優美は息子を置いて家を出たことをずっと後悔しながら生きていた。優美は毎日毎日、息子のことを思い涙を流しながら生きてきた。

おそらくその想いがあまりにも強すぎたため、生きたまま幽霊となって息子に取り憑いてしまったのかもしれない。

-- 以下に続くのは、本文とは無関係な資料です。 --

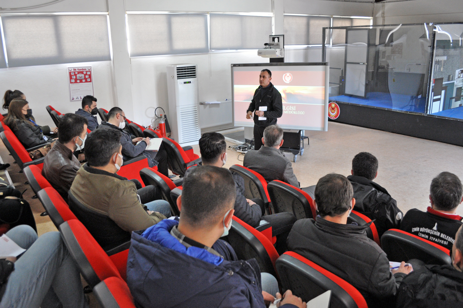 İzmir Büyükşehir Belediyesi İtfaiye Dairesi Başkanlığı Eğitim Şube Müdürlüğü Eğitmenleri gerek sivil vatandaşlar, gerek kamu kurum kuruluşları, gerekse belediye çalışanlarına eğitimler vermeye tüm hızıyla devam ediyor.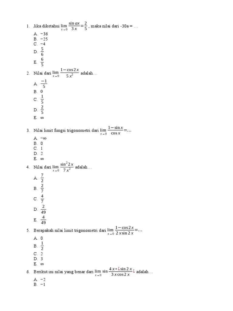 1. Jika diketahui lim = , maka nilai dari -30a = …

後日、久しぶりにあった優美はただずっと息子に会いたいと泣いた。

貴裕は息子の身に起きていることを優美に全てを話した。

貴裕は優美に謝罪をし、そして懇願した。

「息子に会ってやってくれ」

優美は涙を流して何度も頷いた。久しぶりの笑顔とともに。



数日後、息子は母親と再会した。

「ママ…」

息子は母親に抱き着き、泣いた。

母親もまた息子を強く抱きしめ、そして泣いていた。

その日から息子の前に母親の幽霊が現れることはなくなった。

母親の後悔がようやく晴れたのだ。


貴裕は息子と優美がいつでも会えるように取り計らった。

もう二度と母子が離れ離れになることのないように。

家は静寂を取り戻した。

しかしそれは決して悲しい静寂ではなかった。

温かい安らぎに満ちた静寂だった。